I walk Eden to the subway, and the whole walk there, I know I’m going to kiss her good-bye, and I know she’s going to kiss me back. I feel the kiss coming up from my stomach, as though that’s where every kiss originates, waiting in your belly, growing stronger as it climbs up your rib cage, fluttering a bit when it passes your heart, and waiting, patiently in your throat, until you tilt your head and move your lips, and it knows it’s time to come out from inside you.
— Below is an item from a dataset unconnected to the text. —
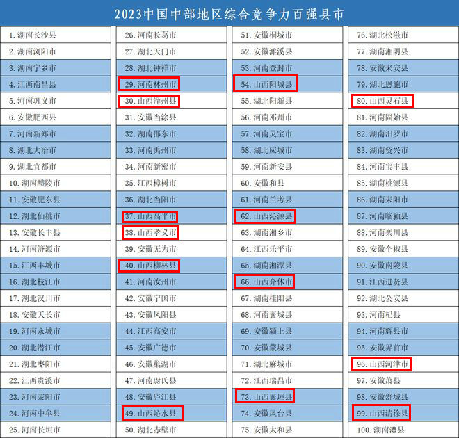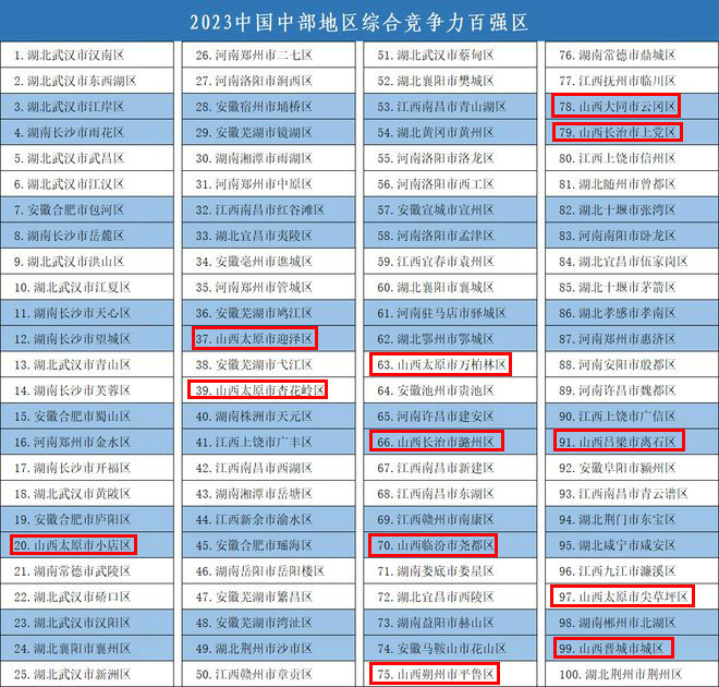 近日,競爭力智庫等機構在北京發(fā)布《中國縣域發(fā)展監(jiān)測報告2023》,揭曉“2023中國綜合競爭力百強縣市”等名單,太原市清徐縣入圍“2023中國中部地區(qū)綜合競爭力百強縣市”,太原市小店區(qū)、迎澤區(qū)、杏花嶺區(qū)、萬柏林區(qū)、尖草坪區(qū)入圍“2023中國中部地區(qū)綜合競爭力百強區(qū)”。

Eden probably knows I’m just waiting for the subway stop to kiss her; she’s waiting for it. And so I decide to use one of those moves she said I had. A block before the subway stop, I take her hand and pull her so that I’m leaning against a building and she’s facing me, and then I kiss her. I press her hands onto my sides until she takes hold of my shirt on either side of me. I don’t stick my tongue down her throat or anything. I mean, there’s some tongue involved. But not at first. First I kiss her once, quickly, and then again for a little bit longer. The taste of her is completely new, everything I imagined—the apples, the honey—and a thousand other things I never knew a person could taste like. I move my hands so that they’re on her hips, and I pull them toward me, my fingertips just barely resting on the curve of her ass. And then I pull her even closer and lean down over her and really kiss her. And then there’s tongue, and breath and warmth. And I know that I would never, not in a million years, be kissing her like this with my hands in those places, if she hadn’t told me that I had moves, that I was smooth.